Marcy took a step forward as if to catch hold of Joe, but a well-directed blow from old Runnell’s hand sent him sprawling in the snow.

“Clear out,” said the old hunter, wrathfully. “If you don’t – ”

He tapped his gun, but it was unnecessary. The bully staggered to his feet and retreated without delay. Seeing this, Hiram Skeetles also fell back, glaring angrily at our friends as he did so.

“What are ye goin’ to do?” he asked, after a pause.

“I am going to help my folks get back the property that belongs to them,” answered Joe. “Hiram Skeetles, you are found out, and the less fuss you make the better off you’ll be.”

“Those papers ain’t no good.”

“That remains to be seen. What I want to know is, how did you manage to steal them?”

“Steal ’em?” Hiram Skeetles’ lips quivered. “Didn’t steal ’em. Dan Marcy got – ”

“Don’t you lay it off on me,” howled the bully. “Skeetles told me they belonged to him, and that’s why I got ’em. If I had known – ” He stopped short.

“My opinion of it is, you are both a precious pair of rascals,” came from Joel Runnell. “And that being so, I want you to leave these boys alone.”

A wordy war followed, but old Runnell and the young hunters were obdurate, and at last Hiram Skeetles and Dan Marcy withdrew, the former trembling for what the future might have in store and the bully like a dog that has been thoroughly whipped.

“I move we start for home at once,” said Joe, and Harry seconded the motion. The others were willing, and they started less than an hour after, dragging their diminished stores and the balance of the moose after them.

The coming into Lakeport with such big game attracted considerable attention, and they were loudly congratulated on the success of their hunting tour; but the majority of the people did not know the full extent of their success until some time later, when the truth concerning the missing papers was announced.

“They are the real papers,” said Mrs. Westmore. “It is wonderful how you managed to locate them.”

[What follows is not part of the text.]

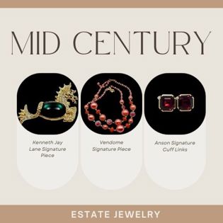 - Estate jewelry from Art Deco, Retro, and Mid-Century, including Bakelite
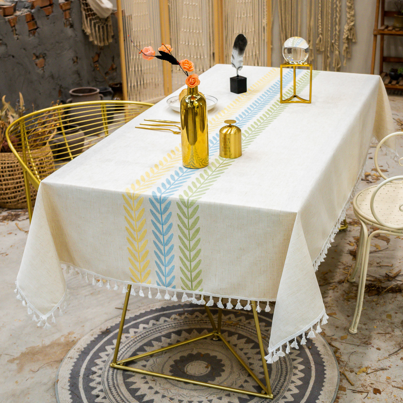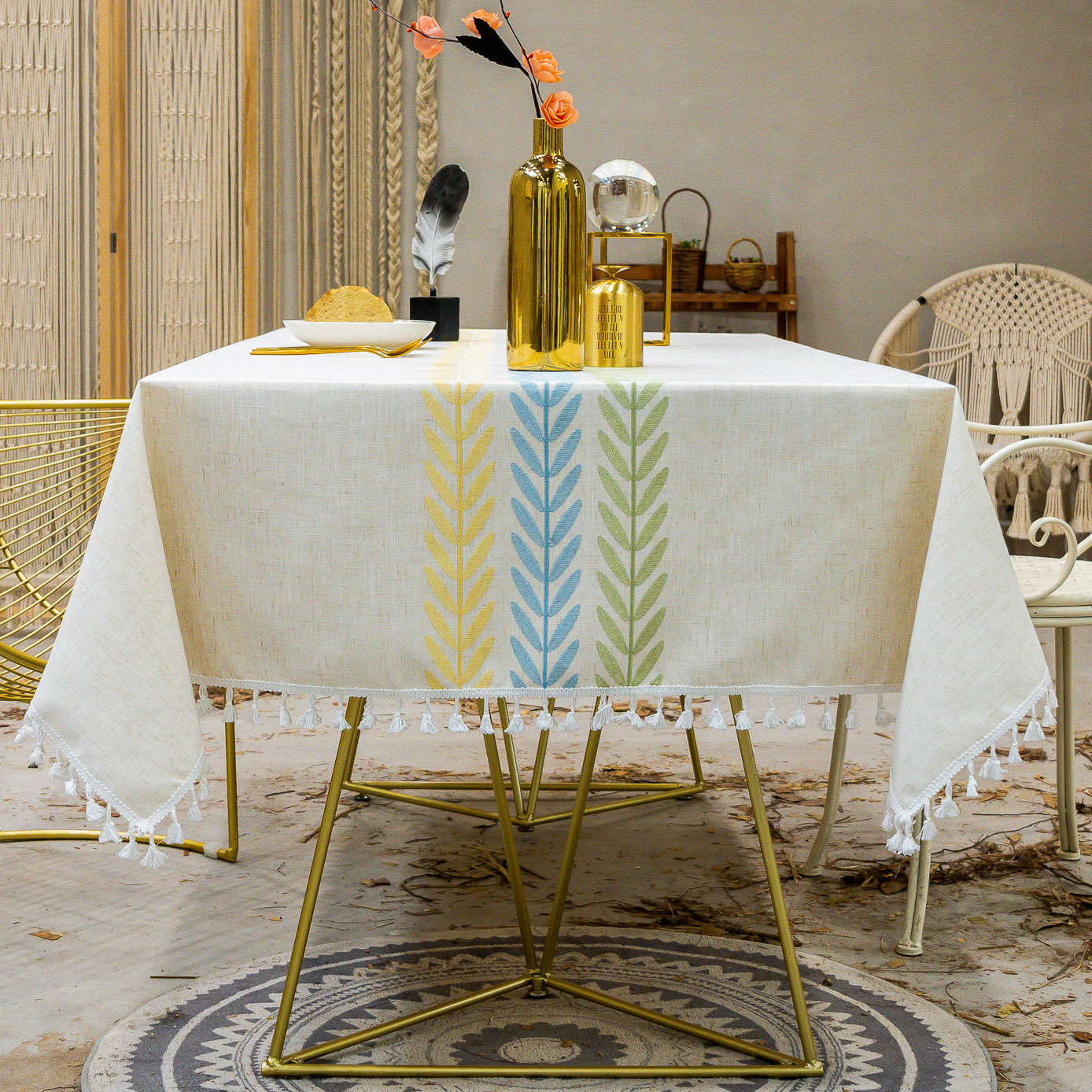 amazon cross-border northern european tassel table cloth embroidery leaves dustproof tablecloth cover towel

“We will start proceedings against Hiram Skeetles without delay,” said Mr. Westmore, and this was done. The real estate dealer put up a feeble fight, but the evidence was all against him, and in the end the property came into the Westmore possession. Then it was also decided that Skeetles had no claim upon Pine Island. The real estate dealer grew so unpopular in that neighborhood that soon he moved to another section of the country and that was almost the last seen or heard of him.

“I guess Dan Marcy feels rather mean,” said Joe. “He knows he didn’t treat us right.”

“Oh, Marcy has a thick hide and wouldn’t feel mean over anything,” answered Fred. “As soon as this affair blows over he’ll go around bullying folks just as much as ever.” And this proved true, although Marcy, for a long while to come, gave the Westmores, Fred, and old Runnell a wide berth.

The young hunters never tired of talking of the grand outing they had had.

“It was a dandy,” said Fred. “I declare, I feel like a regular hunter now.”

“I guess we all do,” said Link. “Although Bart and I weren’t out as long as you fellows.”

“Never mind – I had my share of the fun,” put in Bart.

“We had our sports and hardships pretty well mixed,” came from Joe. “But as everything came out as it should in the end we needn’t complain.”

“Complain!” cried Harry. “I’d like to have another outing just like it next winter.”

The others said the same. And here let us for the present say good-by to the Gun Club Boys of Lakeport. More good times were in store for them, and what some of these were will be told in another volume, to be called, “The Baseball Boys of Lakeport; or, The Winning Run.” Baseball is our great national sport, as all my readers know, and when clubs play each other the rivalry is of the keenest.